[Exercise materials]
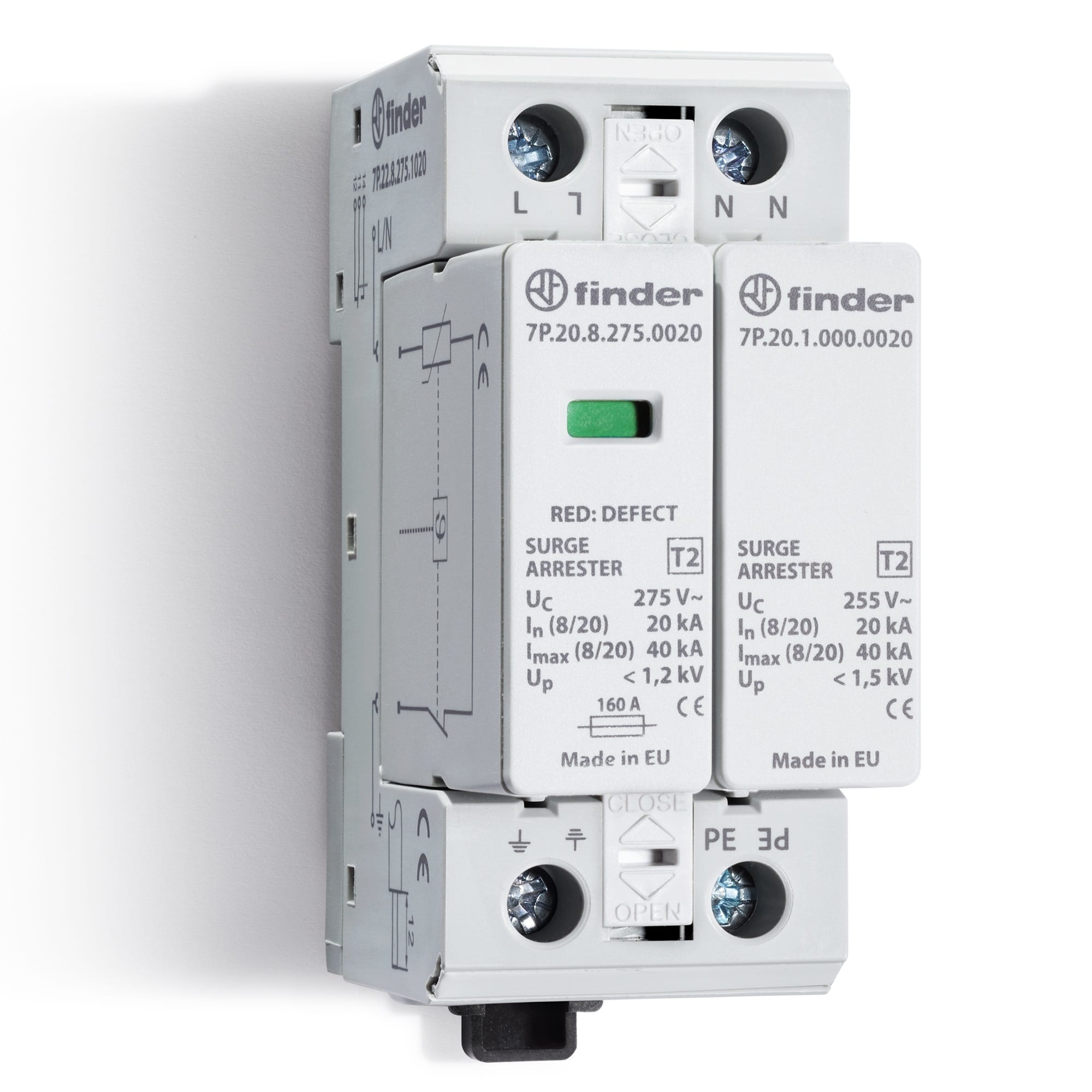 FINDER S.P.A. - FIN7P2282751020 SPD CLASSE2 MONOFASE 2P 275VAC 1+1 20KA
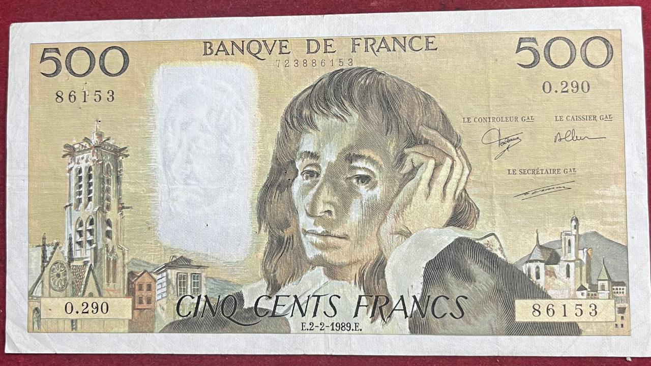 FRANCE 500 FRANCS 1989 BIG SIZE RARE NOTE #B-2
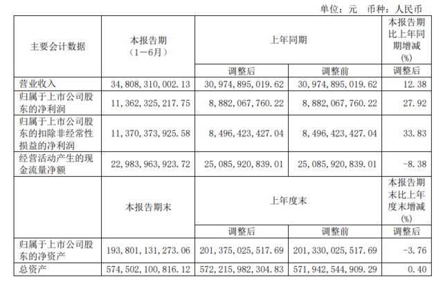 净利润:上半年归属于上市公司股东的净利润为113.62亿元,同比增长27.92%;
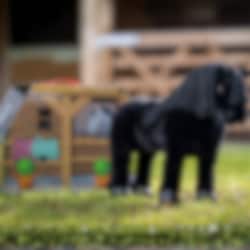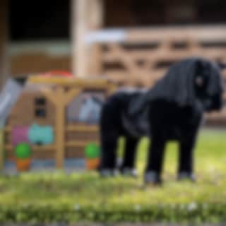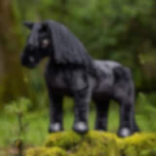 Skye is an elegant black dressage horse with a plaitable mane and tail, easily transported in her luxury horse box, which can be turned inside out to become a luxury stable. Her coat is incredibly soft, perfect for brushing and grooming.
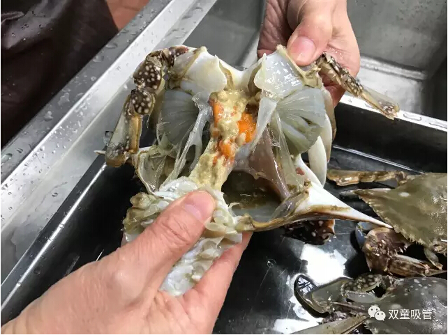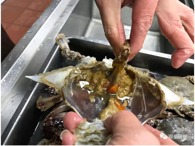 11、一般情況下砂囊會(huì)隨膏體粘在蟹殼的嘴部,也可能在隨膏體粘在蟹身嘴部,反正一定要找到取出!
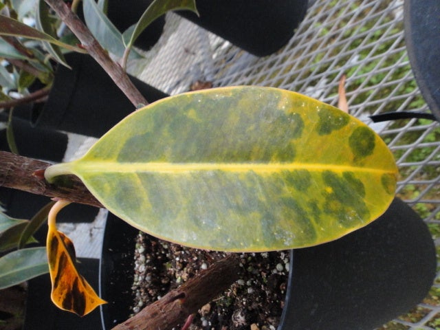 ゴムの木の葉、病気でしょうか?黄色い斑点がでてきて、光に当たるとそこが- Yahoo!知恵袋。
[/Exercise materials]
Pictures must be left out. Repeat exactly the lines from the one containing "11、一般情況下砂囊會(hu" through the final line of the data.

 11、一般情況下砂囊會(huì)隨膏體粘在蟹殼的嘴部,也可能在隨膏體粘在蟹身嘴部,反正一定要找到取出!
 ゴムの木の葉、病気でしょうか?黄色い斑点がでてきて、光に当たるとそこが- Yahoo!知恵袋。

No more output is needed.